The entries below are to be restated exactly, and their images are to be omitted.

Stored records

_ _ _ _ _ _ _

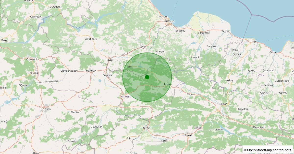Son 7 gün içinde Taşova - Boraboy Köyü noktasından 100 km yarıçap içerisinde meydana gelen diğer depremler:
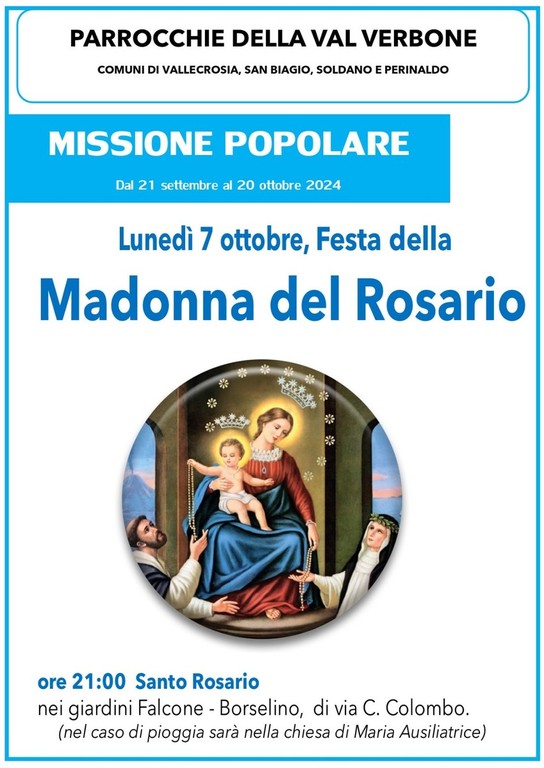 A Vallecrosia la 'Missione popolare' sul territorio in attesa del Giubileo, che coinvolge le parrocchie della val Verbone, prosegue domani, lunedì 7 ottobre, alle 21 con la festa della Madonna del Rosario.
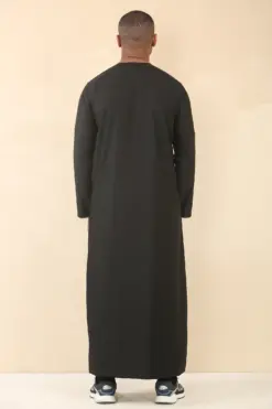 Two convenient side pockets provide practical storage without compromising the refined silhouette, making the thobe versatile for daily wear or more formal occasions.
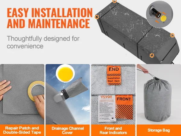 The RV travel trailer cover is equipped with sponge drainage covers, avoiding puncturing for RVs with drainage systems. It features "FRONT" and "END" labels for easy identification during installation. Damage can be quickly repaired with the provided double-sided tape patch.
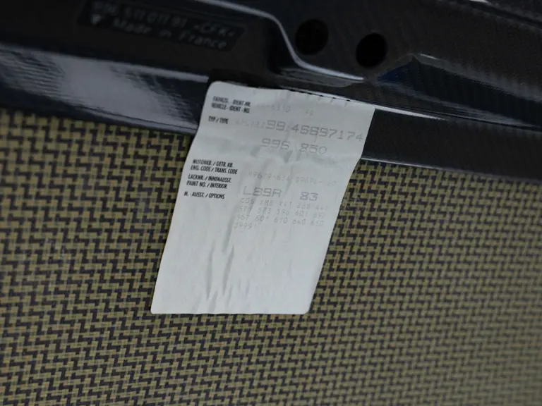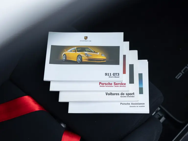 L'exemplaire que nous proposons a été livré neuf par l'intermédiaire du Centre Porsche de Monaco (Groupe Segond) à son premier propriétaire le 12 août 2004. Avec sa peinture caractéristique Carrera White, cette voiture comporte l'inscription latérale rouge rappelant l'appellation GT3 RS, complétée par des jantes de même couleur. Cette Porsche a été commandée avec plusieurs options comme l'air conditionné, des phares Bi-Xenon, un arceau-cage de couleur blanche, en plus de l'équipement standard de la GT3 RS. Elle est accompagnée d'une copie de sa facture d'achat d'origine, ainsi que de ses carnets et manuels fournis par l'usine dans une pochette Porsche. Le compteur affichait 9 100 km au moment de rédiger ce catalogue.

_ _ _ _ _ _ _

* _Result of the task_:
Son 7 gün içinde Taşova - Boraboy Köyü noktasından 100 km yarıçap içerisinde meydana gelen diğer depremler:
 A Vallecrosia la 'Missione popolare' sul territorio in attesa del Giubileo, che coinvolge le parrocchie della val Verbone, prosegue domani, lunedì 7 ottobre, alle 21 con la festa della Madonna del Rosario.
 Two convenient side pockets provide practical storage without compromising the refined silhouette, making the thobe versatile for daily wear or more formal occasions.
 The RV travel trailer cover is equipped with sponge drainage covers, avoiding puncturing for RVs with drainage systems. It features "FRONT" and "END" labels for easy identification during installation. Damage can be quickly repaired with the provided double-sided tape patch.
 L'exemplaire que nous proposons a été livré neuf par l'intermédiaire du Centre Porsche de Monaco (Groupe Segond) à son premier propriétaire le 12 août 2004. Avec sa peinture caractéristique Carrera White, cette voiture comporte l'inscription latérale rouge rappelant l'appellation GT3 RS, complétée par des jantes de même couleur. Cette Porsche a été commandée avec plusieurs options comme l'air conditionné, des phares Bi-Xenon, un arceau-cage de couleur blanche, en plus de l'équipement standard de la GT3 RS. Elle est accompagnée d'une copie de sa facture d'achat d'origine, ainsi que de ses carnets et manuels fournis par l'usine dans une pochette Porsche. Le compteur affichait 9 100 km au moment de rédiger ce catalogue.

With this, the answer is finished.